* [Provided material]:

----

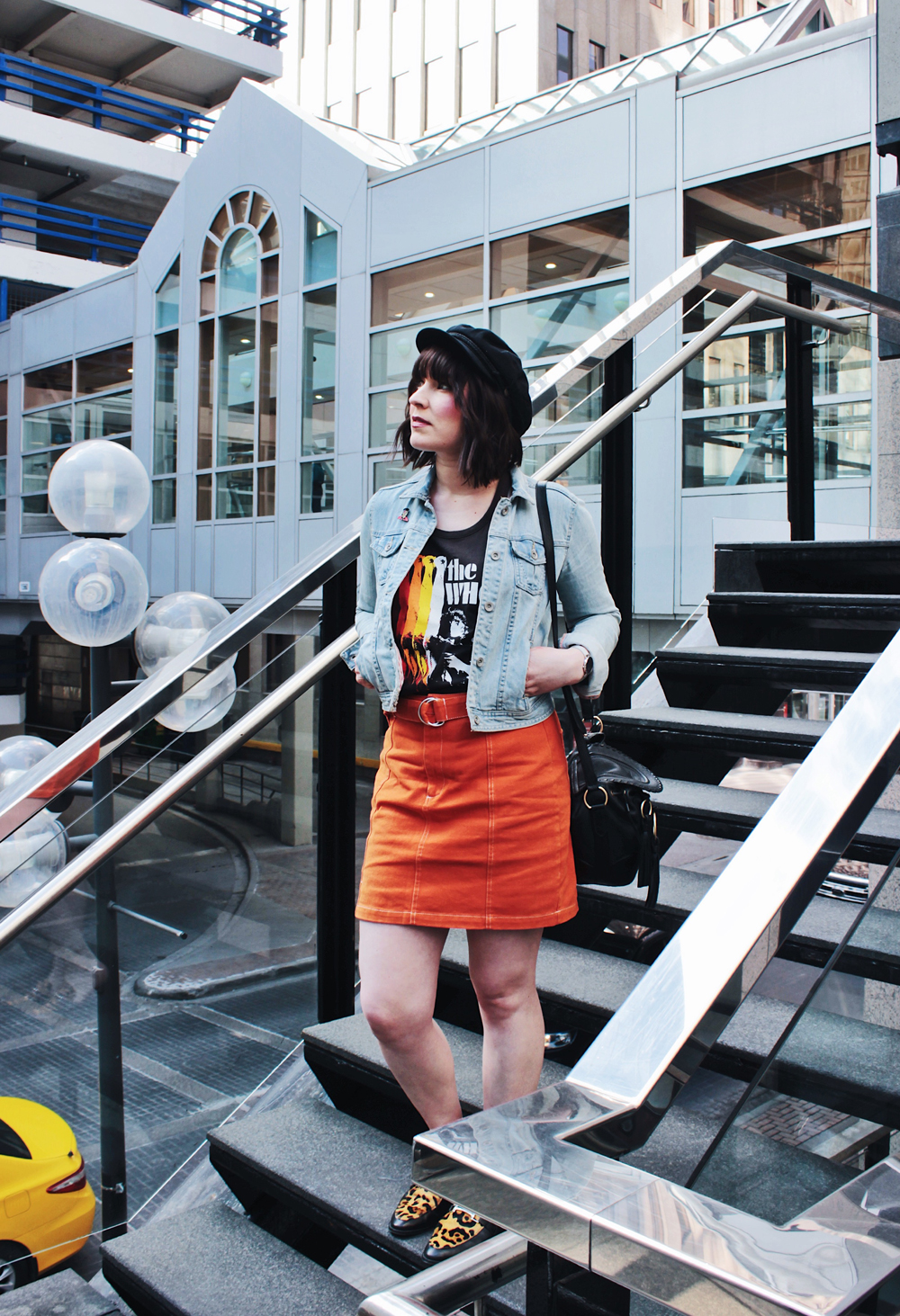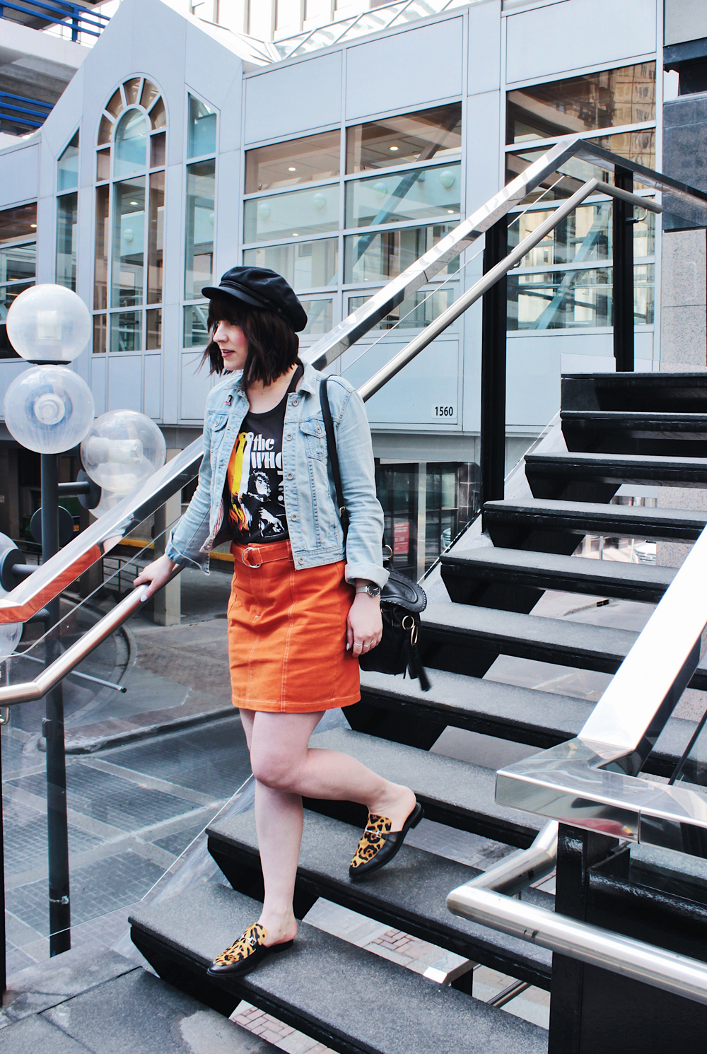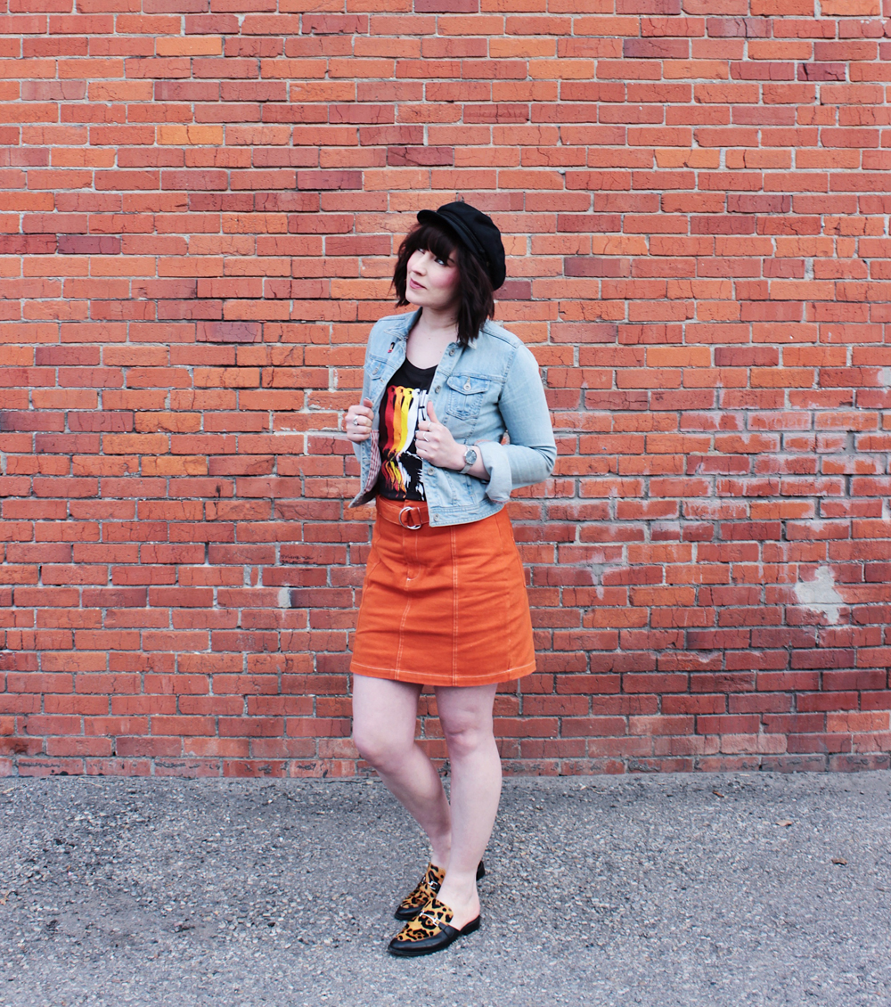 I got these leopard slides at the end of October right when it started to get cold, so I didn’t really have a chance to wear them until now. I’ve been finding that they work with a lot of different looks, and they add an extra bit of detail which is always nice! Lately i’ve been trying to inject more life into my wardrobe by adding brighter pieces into the mix. This orange skirt for example, adds the perfect pop of colour to this outfit without being overwhelming. It also matches perfectly with the colours in the top, making the perfectionist in me very happy!
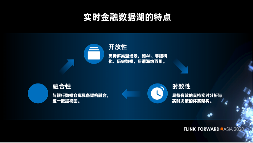 通过以上介绍的三个观点引出今天介绍的主题,实时金融数据湖。 主要有三个特点:
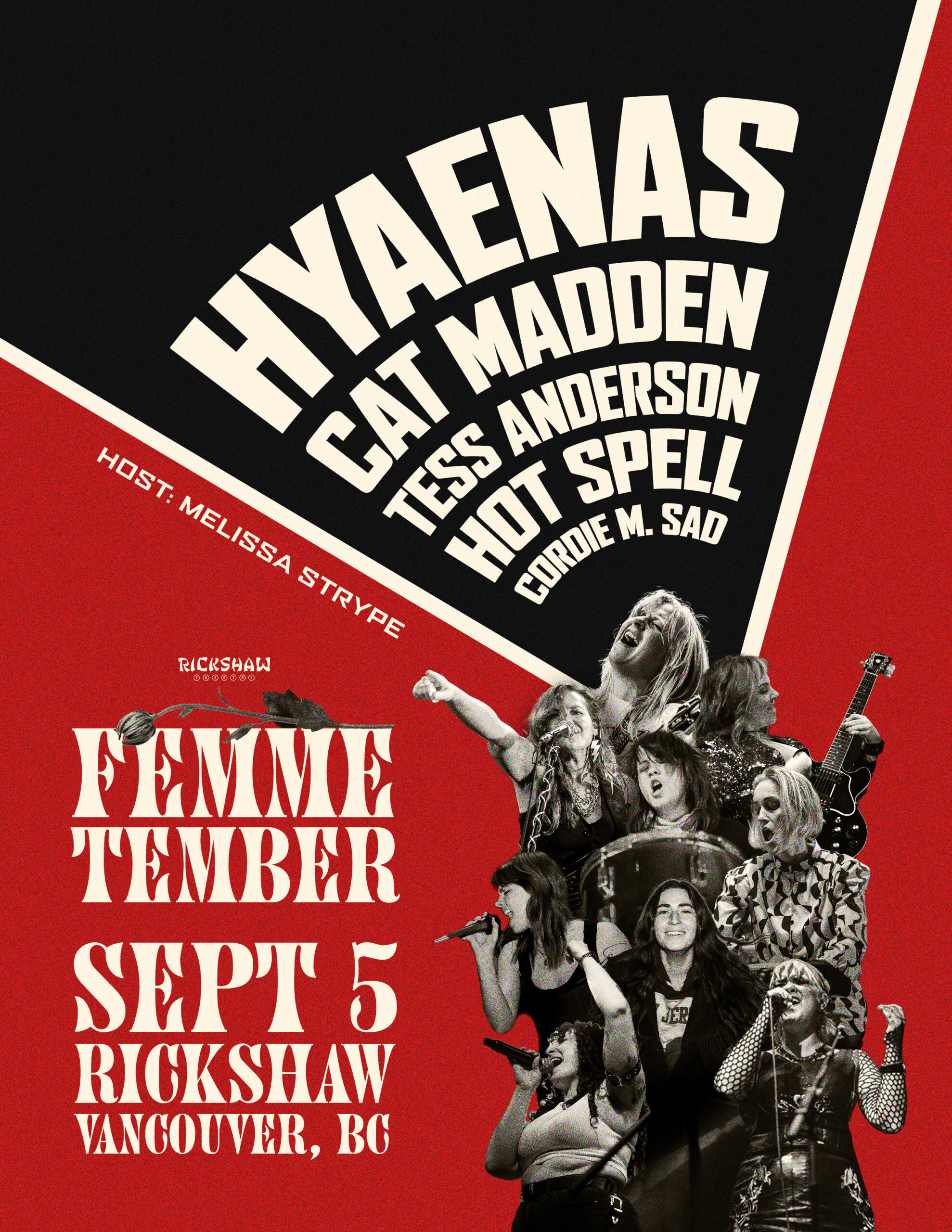Join us to celebrate women in music with some of Vancouver’s most talented femme-bands: Hyaenas, Cat Madden, Tess Anderson, Hot Spell, Cordie M.Sad, all hosted by LA’s beloved muso-comic Melissa Strype.
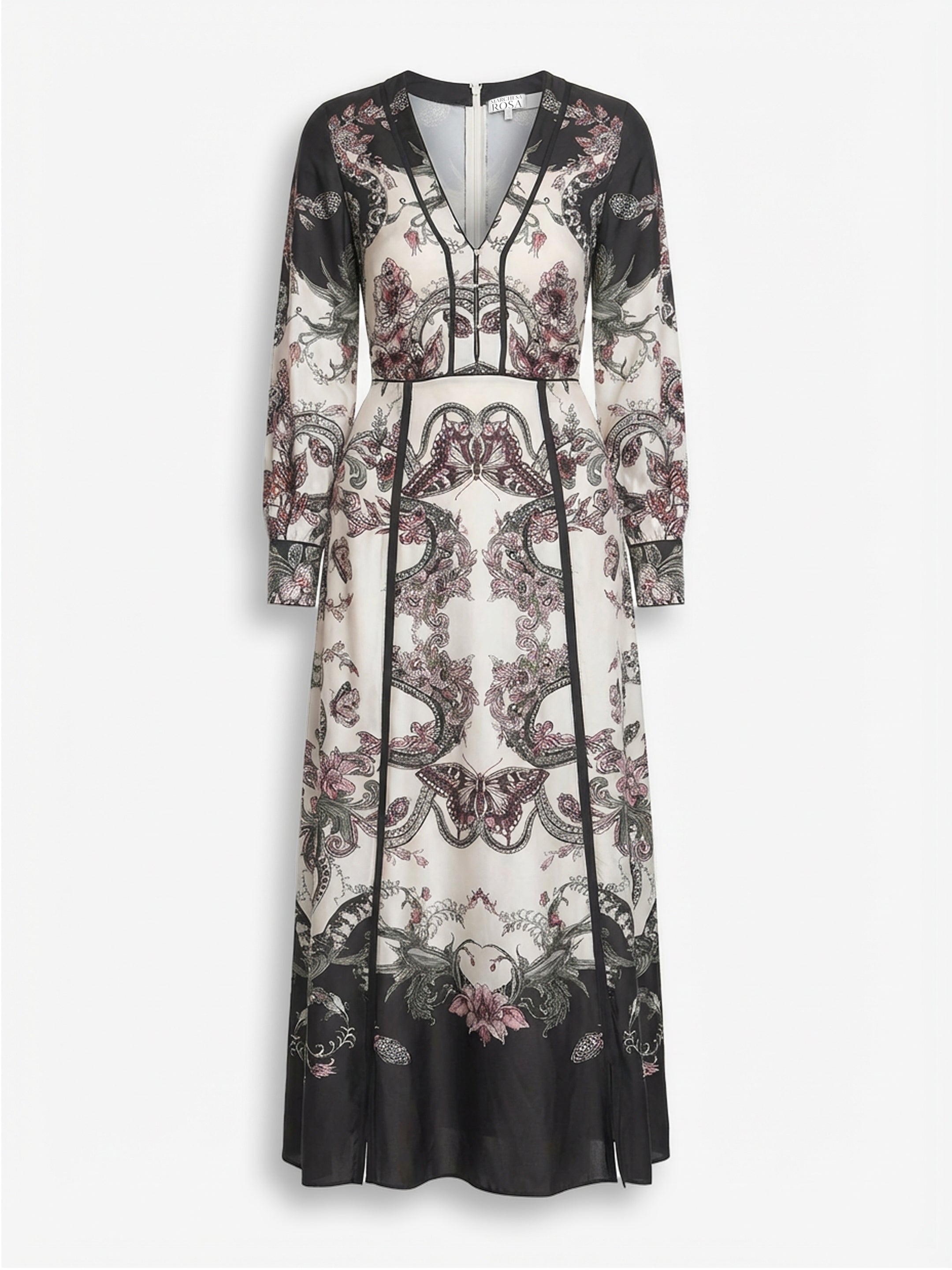 The Corded Twill Midi Dress features a V-neckline, long sleeves, and chiffon corded accent piping. Crafted from viscose twill, the relaxed fit dress is complete with front leg slits and a rope belt for added texture and shape.

----

* [Task directions]: Reproduce exactly, and only, the lines from the opening line of the listing above through the line holding "Join us to celebrate", minus the pictures.

* [Result]:
 I got these leopard slides at the end of October right when it started to get cold, so I didn’t really have a chance to wear them until now. I’ve been finding that they work with a lot of different looks, and they add an extra bit of detail which is always nice! Lately i’ve been trying to inject more life into my wardrobe by adding brighter pieces into the mix. This orange skirt for example, adds the perfect pop of colour to this outfit without being overwhelming. It also matches perfectly with the colours in the top, making the perfectionist in me very happy!
 通过以上介绍的三个观点引出今天介绍的主题,实时金融数据湖。 主要有三个特点:
Join us to celebrate women in music with some of Vancouver’s most talented femme-bands: Hyaenas, Cat Madden, Tess Anderson, Hot Spell, Cordie M.Sad, all hosted by LA’s beloved muso-comic Melissa Strype.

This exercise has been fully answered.